The sample for the AMICS was designed to provide estimates for a large number of indicators on the situation of children and women at the national level, for urban and rural areas, in eight regions. Originally, 13,468 households were selected for the survey, and 98.5% of these households were surveyed. A stratified two-stage sample design was used, where the primary sampling units are the enumeration areas (EAs), each with an average of about 185 households (and a total of 21,194 EAs). In the second stage, 30 households were selected from each EA. This is a manageable number of households per EA to work with in a survey, given the high costs of transportation, fieldwork logistics, and the need to seek a cost-effective cluster size.

It is common that respondents may sometimes not be able to answer a question included on the questionnaire.
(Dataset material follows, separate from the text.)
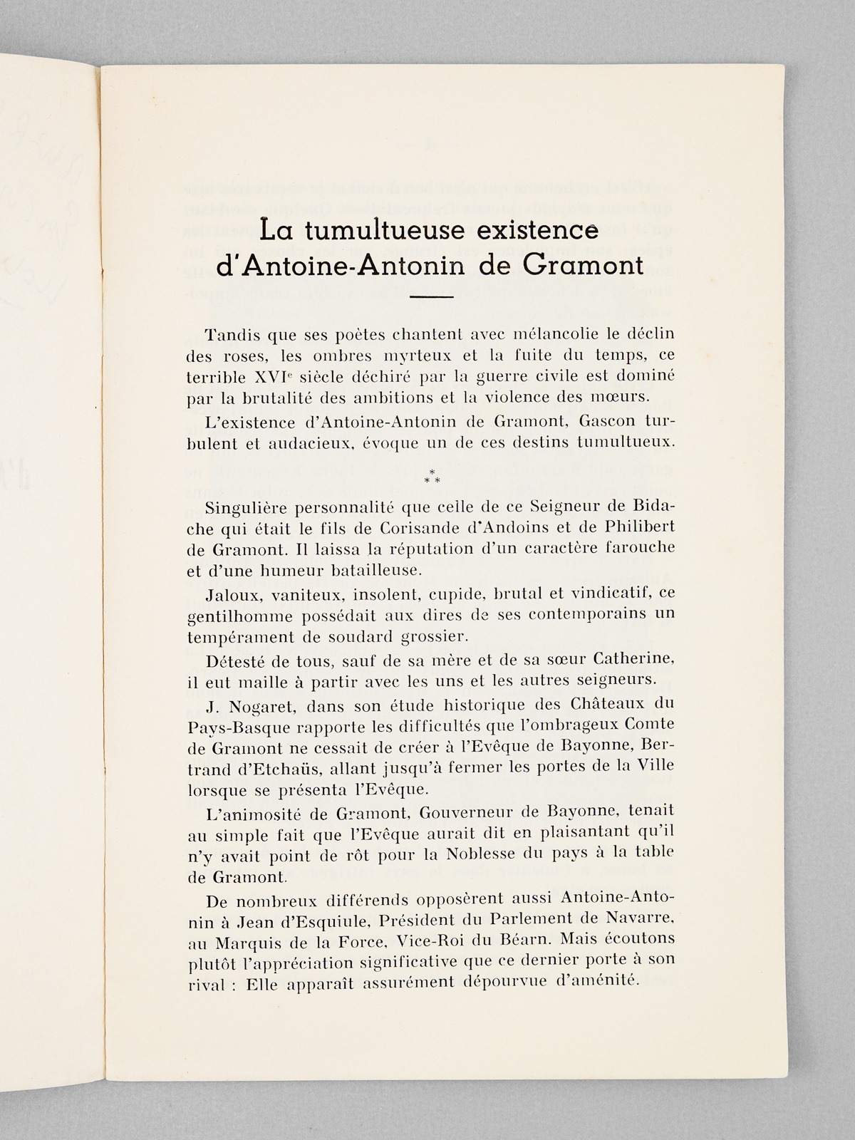 La tumultueuse existence d'Antoine-Antonin de Gramont [ Livre dédicacé ]

This may be due to the passage of time and a respondent not being able to correctly recall information, or a respondent may not wish to answer a question. In the AMICS report, however, there is little data missing. Specifically, for all tables mentioning the background characteristic of mother’s educational level, up to a maximum of seven cases are missing out of 14,872 cases, and for all tables mentioning the background characteristic of household head’s educational level, up to maximum of 11 cases are missingout of 13,116 cases. For this reason, the sums for each educational level do not equal the total number of cases shown in the tables where these background characteristics are shown. This fact is also mentioned in the report (Chapter 2).

 

V. Producing the AMICS

A survey such as the AMICS is a complex undertaking that demands the skills and expertise of a variety of different professions. The AMICS was overseen by a technical committee consisting of representatives of the Central Statistics Organization (CSO) and of UNICEF. To help produce the AMICS survey, cartographers, fieldwork trainers, data collection teams in each province, and a large team of data processors are all involved at different stages. Appendix B of the report provides a detailed list of all of the personnel involved in carrying out the AMICS. The CSO also consulted different governmental ministries and agencies at various stages of the survey and report drafting. For example, consultations were held in May 2012 when a draft of the report was shared with numerous government ministries, such as the Ministry of Education, the Ministry of Public Health, and the Ministry for Labour, Social Affairs, the Martyred and Disabled, as well as with other UN agencies.

A survey of the scope and size of the AMICS is typically a multi-year undertaking. The data collection began in October 2010 and was completed in May 2011. Processing the data using the double-entry method takes several months, which is followed by data cleaning. Tabulation and analysis is then undertaken, and the preparation of a report for public consumption is the final time-consuming step in this process.

The AMICS survey was designed to reflect the unstable conditions in which it would be carried out. It was made a priority to collect nationally representative data, and therefore, it was decided that the AMICS would need to include coverage of insecure areas. Therefore, precautionary measures in the design and delivery of the survey were taken to mitigate the risks of coverage being restricted due to insecurity.

 

A reserve sample of EAs was selected within each stratum to serve as possible replacements in extreme cases where the security situation for an original sample EA made it difficult to enumerate. A total of 102 sample EAs were selected as possible replacements. During fieldwork, 423 of the original 516 sample EAs were enumerated, and 26 replacement EAs were enumerated; while the remaining 67 sample EAs were not replaced due to particularly unsafe conditions for surveyors. Therefore the final sample in the AMICS data file includes 449 sample EAs. This led to a small reduction in the effective sample size; however, the sample is still considered to be nationally representative.

The AMICS 2010/11 was funded by UNICEF. UNICEF also provided some technical assistance to the CSO.